Thursday, January 9, 2014

How to draw data on a map with R

In this post we'll see how to use R language to plot some data on a map; the full code is available on my GitHub.
I've used data freely available from the italian ministry of education about the rate of school abandonment in Italy. It is available for download (in form of zipped files) from this page: http://archivio.pubblica.istruzione.it/scuola_in_chiaro/open_data/index.html.

First we need the data of the schools (including their geolocation). Once downloaded and unzipped on a PC, we can load it with R:
schools <- read.csv(file="data/schools.csv")
This dataset contains for each school a unique code, its complete address, the lat/lon and other info; since we want to display this data on a map, we remove rows that don't have lat/lon info:
schools <- schools[which(schools$LATITUDINE != "NA"),]
For the same reason we can forget all the columns except the unique code and the lat/info info; we create a new dataframe with only the columns we're interested in:
schools_geo <- data.frame(schools$codice_scuola, schools$LATITUDINE, schools$LONGITUDINE)
We now have a clean dataset for the italian schools.

The abandonment archive contains several files: the one we're interested in is "abbandoni.csv"; this dataset contains the unique code of the school, the abandonment rate of students in that school (in percentage) and other info.

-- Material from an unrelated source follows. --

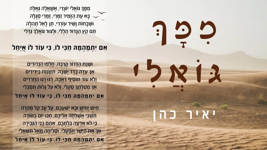 יאיר כהן בלחן חדש לפיוט העתיק: "ממך גואלי"הזמר יאיר כהן בלחן חדש לפיוט "ממך גואלי", שמחברו לא ידוע. הפיוט מובא בקובץ הפיוטים של מרן אביר יעקב אביחצירא לחן: יהודה אריה מלכא, עיבוד והפקה מוסיקלית: שניאור מוניס (סינגלים וקליפים)יטיאיר טוקרכיכר השבת | י"ח בטבת | 30.12.23'שמואל' בסינגל חדש וייחודי: "אני מבורך"יאיר טוקר|11:26אחרי 30 שנות שתיקה: "הניגון האבוד" של משפחת וולפסון יוצא לאוריאיר טוקר|18.03.2610100:00/3:35יאיר כהןשניאור מוניסיהודה אריה מלכאהאם הכתבה עניינה אותך?כן (100%)לא (0%)תוכן שאסור לפספס:יוסי פריד בסינגל קליפ חדש: "איך קען"יאיר טוקר|18.03.26תזמורת פריילאך מארחת את מרדכי שפירא ו'היום השמיני' לביצוע מלהיביאיר טוקר|18.03.26משה טישלר בקליפ חדש מהאלבום: "יגעתי"יאיר טוקר|18.03.26 0 תגובותאין לשלוח תגובות הכוללות דברי הסתה, לשון הרע ותוכן החורג מגבול הטעם הטוב.שליחת תגובהאולי גם יעניין אותך:מקהלת הילדים של 'תודה לך השם' בסינגל קליפ חדש: "צבא השם"יאיר טוקר|17.03.26ברק גרוסברג ולהקתו מחדשים את הלהיט הגדול של זושאיאיר טוקר|16.03.26שמוליק סוכות בסינגל קליפ חדש: "אבא טוב"יאיר טוקר|15.03.26

Let's load the dataset:
abandonments <- read.csv(file="data/abandonments.csv")
Looking at the data we see that some schools don't have the abandonment rate (the value is 'NA' instead of a number), so we'll exclude those schools from our dataset:
abandonments <- abandonments[which(abandonments$scuola != "NA"),]
Since the column names of the unique code of the schools are different in the two datastes, we'll rename one of the two to match the other (the name of the column is 'cod_scuola'):
colnames(schools_geo)[1] <- "cod_scuola"
Now we merge the two dataset so that we have on the same row the abandonment rate and the lat/lon info:
data <- merge(abandonments, schools_geo, by="cod_scuola")
If we draw on the map all the schools, even the ones that have an abandonment rate of 0, we'll have too many data; to make the visualization clearer, let's get rid the schools where the abandonment rate is equal to 0:
data <- data[which(data$scuola>0),]
The data is now ok. Let's setup the map. We'll use an R package called RgoogleMaps; we'll first define a rectangle of lat/lon coordinates for getting an image of Italy from Google Maps.
# setup of latitude and longitude centered on Italy
lat_c<-42.1
lon_c<-12.5

# gets a rectangle of coordinates
rectangle<-qbbox(lat = c(lat_c[1]+5, lat_c[1]-5), lon = c(lon_c[1]+5, lon_c[1]-5))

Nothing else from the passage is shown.